DATA SHOWN section start
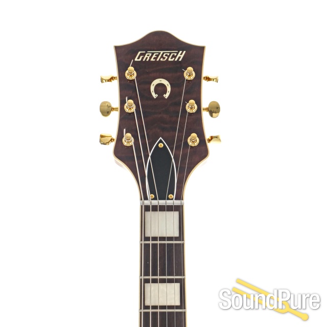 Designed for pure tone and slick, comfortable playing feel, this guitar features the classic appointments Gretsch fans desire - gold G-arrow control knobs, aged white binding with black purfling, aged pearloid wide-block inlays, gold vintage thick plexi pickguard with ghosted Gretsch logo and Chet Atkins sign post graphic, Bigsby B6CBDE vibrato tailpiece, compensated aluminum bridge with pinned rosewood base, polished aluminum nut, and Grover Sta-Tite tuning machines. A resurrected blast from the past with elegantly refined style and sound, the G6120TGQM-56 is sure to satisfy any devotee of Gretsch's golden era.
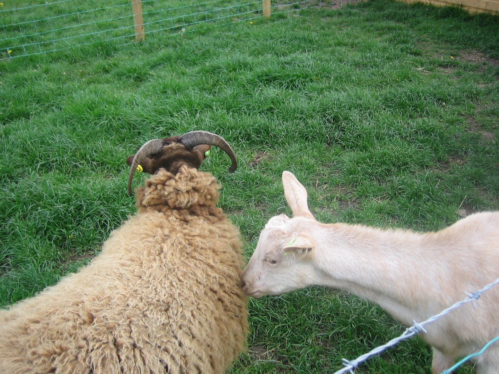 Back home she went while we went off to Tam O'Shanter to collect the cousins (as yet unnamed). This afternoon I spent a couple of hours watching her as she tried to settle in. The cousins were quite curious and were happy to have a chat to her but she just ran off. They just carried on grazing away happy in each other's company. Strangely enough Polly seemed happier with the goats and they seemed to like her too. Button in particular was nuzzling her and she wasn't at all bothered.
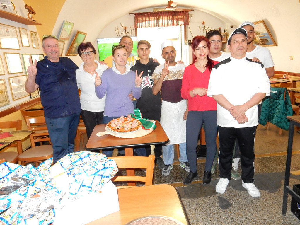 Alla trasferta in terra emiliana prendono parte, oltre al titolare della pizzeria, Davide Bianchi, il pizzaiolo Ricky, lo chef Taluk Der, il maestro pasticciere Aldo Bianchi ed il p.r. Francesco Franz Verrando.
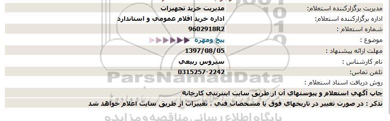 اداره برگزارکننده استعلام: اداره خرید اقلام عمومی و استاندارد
DATA SHOWN section end
## PROBLEM TO SOLVE
When you reproduce the material, keep every word exact and leave each picture out.

## SOLUTION FOR THIS TASK
 Designed for pure tone and slick, comfortable playing feel, this guitar features the classic appointments Gretsch fans desire - gold G-arrow control knobs, aged white binding with black purfling, aged pearloid wide-block inlays, gold vintage thick plexi pickguard with ghosted Gretsch logo and Chet Atkins sign post graphic, Bigsby B6CBDE vibrato tailpiece, compensated aluminum bridge with pinned rosewood base, polished aluminum nut, and Grover Sta-Tite tuning machines. A resurrected blast from the past with elegantly refined style and sound, the G6120TGQM-56 is sure to satisfy any devotee of Gretsch's golden era.
 Back home she went while we went off to Tam O'Shanter to collect the cousins (as yet unnamed). This afternoon I spent a couple of hours watching her as she tried to settle in. The cousins were quite curious and were happy to have a chat to her but she just ran off. They just carried on grazing away happy in each other's company. Strangely enough Polly seemed happier with the goats and they seemed to like her too. Button in particular was nuzzling her and she wasn't at all bothered.
 Alla trasferta in terra emiliana prendono parte, oltre al titolare della pizzeria, Davide Bianchi, il pizzaiolo Ricky, lo chef Taluk Der, il maestro pasticciere Aldo Bianchi ed il p.r. Francesco Franz Verrando.
 اداره برگزارکننده استعلام: اداره خرید اقلام عمومی و استاندارد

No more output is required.